Conversational Decision Support for Information Search Under Uncertainty: Effects of Gist and Verbatim Feedback
Kexin Quan, Jessie Chin
TL;DR
This work investigates how feedback representation in AI-assisted decision support influences information search under uncertainty. By introducing SERA, which delivers gist or verbatim summaries during sequential information sampling, the authors examine effects on decision accuracy, confidence, and search behavior across three uncertainty environments. Across two experiments, SERA improved outcomes, with gist feedback promoting efficient, meaning-based stopping and verbatim feedback fostering extended, attribute-heavy exploration; environmental uncertainty moderated these effects. The findings support adaptive, environment-aware feedback as a design lever for human–AI decision support and have implications for making search and stopping central in complex information tasks.
Abstract
Many real-world decisions rely on information search, where people sample evidence and decide when to stop under uncertainty. The uncertainty in the environment, particularly how diagnostic evidence is distributed, causes complexities in information search, further leading to suboptimal decision-making outcomes. Yet AI decision support often targets outcome optimization, and less is known about how to scaffold search without increasing cognitive load. We introduce SERA, an LLM-based assistant that provides either gist or verbatim feedback during search. Across two experiments (N1=54, N2=54), we examined decision-making outcomes and information search in SERA-Gist, SERA-Verbatim, and a no-feedback baseline across three environments varying in uncertainty.
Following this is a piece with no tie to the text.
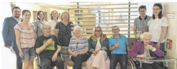
Die Bewohner freuten sich über das mitgebrachte Erdbeereis.

steilste Laufsteg bei Sport Mayr, der höchste am Marktplatz und der längste (50 Meter) auf der Hauptstraße zu finden sein. Moderiert wird die Veranstaltung von Mario Sacher. Wie bei jeder Einkaufsnacht gibt es auch heuer wieder kulinarische Köstlichkeiten und Aktionen. Weitere Infos unter: www.4311.at ■

The uncertainty in environment is operationalized by the perceived gain of information across the course of sampling, which individuals may experience diminishing return of information gain (decremental; low-uncertainty), or a local drop of information gain (local optimum; medium-uncertainty), or no patterns in information gain (high-uncertainty), as they search more. Individuals show more accurate decision outcomes and are more confident with SERA support, especially under higher uncertainty. Gist feedback was associated with more efficient integration and showed a descriptive pattern of reduced oversampling, while verbatim feedback promoted more extensive exploration. These findings establish feedback representation as a design lever when search matters, motivating adaptive systems that match feedback granularity to uncertainty.